FedEx chief sees economic lift by fall
One day after FedEx Corp. announced it would trim 900 jobs from its hardest hit shipping arm, Chief Executive Fred W. Smith said Tuesday that he expected the U.S. economy to improve by late summer or early fall.
The 900 workers amount to less than 3% of the roughly 35,000 employees of FedEx Freight, one of the Memphis, Tenn., package delivery company’s major segments dealing with automotive, industrial and home construction materials.
The job cuts come at a time when rival DHL Express has all but abandoned the U.S. market and the U.S. Postal Service is pushing to return to a five-day delivery week. As an industry that transports pretty much everything, the delivery business is considered an economic bellwether.
“We have tried to do all that we can to avoid layoffs, but the industrial segment has been a tough market. It is ground zero of the U.S. economy,” said Smith, noting that the company first reduced employee salaries -- including his, by 20% -- and also is taking a one-year hiatus from contributing to the company’s 401(k) plan. FedEx has more than 290,000 employees worldwide.
Smith, in Los Angeles to visit company operations and to address community leaders at a Town Hall Los Angeles meeting Tuesday, said about 90 to 100 California workers would be laid off. Company executives said some would find work elsewhere in the company while others might be brought back as the economy regains steam. Smith expects that rebound to begin late in the year because companies will be forced to replenish badly depleted inventories.
Smith’s experience in talking with customers and his company’s struggle to make a profit after last summer’s record-high fuel prices and deteriorating economic conditions have left him with strong opinions about what would help turn things around.
Efforts to buttress the economy have focused too much on shoring up the financial sector when it would make far better sense to devote more to the nation’s manufacturers, Smith said, adding that Southern California remains the biggest U.S. manufacturing center. The economy would be better served, he said, by giving incentives to boost capital investment spending by businesses.
“The only way you make a blue-collar worker better off is to invest in infrastructure and training,” Smith said. The U.S. government should allow businesses to deduct capital expenditures immediately, rather than slowly over time, to reduce the risk of spending during uncertain times, he said.
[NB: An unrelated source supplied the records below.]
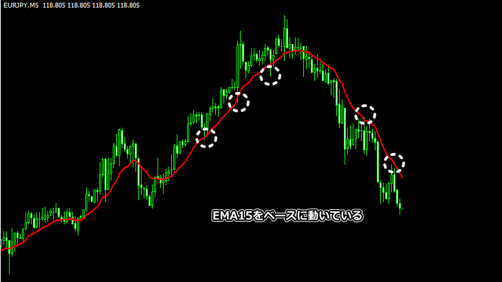 この日の5分足は、EMA15をベースに動いているのが分かります。
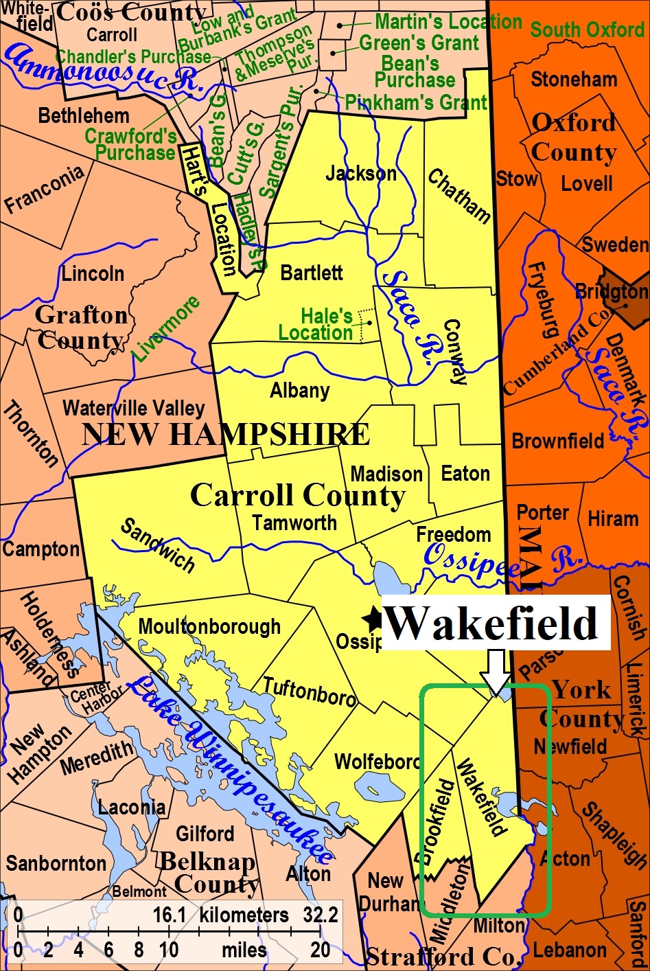 | W01-064 Young, off Old Farm Road, USGS Ossipee Quadrangle, E33437, N483237, Zone 19 (43° 37' 40"N, 71° 3' 11"W), Source: Bill Twombley 1983 MAP |
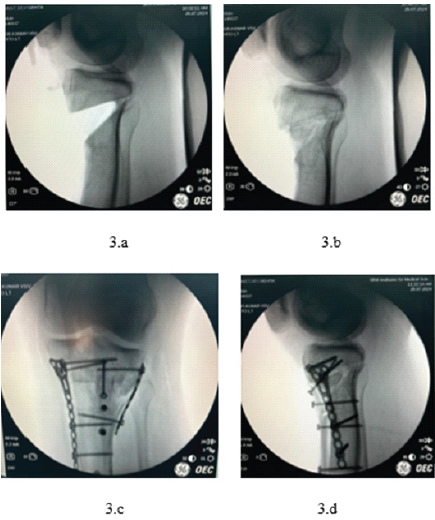 Figure 3: Intraoperative fluoroscopic images illustrating osteotomy and fixation stages. (a) Lateral view after completion of biplanar tibial tuberosity osteotomy, before graft placement and fixation; (b) Anteroposterior view after osteotomy, showing gap created for graft insertion; (c) Anteroposterior view following final implant fixation with tricortical graft in place; (d) Lateral view following dual-pillar plate fixation and tibial tuberosity screw placement.

Smith also criticized the nation’s dependence on foreign oil, calling last summer’s run-up of crude oil prices to above $147 a barrel as the event that finally drove some companies out of business and some consumers over a financial cliff.
“It was the match that set off the financial crash,” Smith said, adding that the U.S. needs to turn to electric hybrid vehicles for “short-haul transportation of 40 to 50 miles.”
In its fiscal second-quarter earnings, announced in December, FedEx sales were up slightly, to $9.54 billion from $9.45 billion a year earlier. Profit increased to $493 million from $479 million.
FedEx shares fell $3.63 to $52.03.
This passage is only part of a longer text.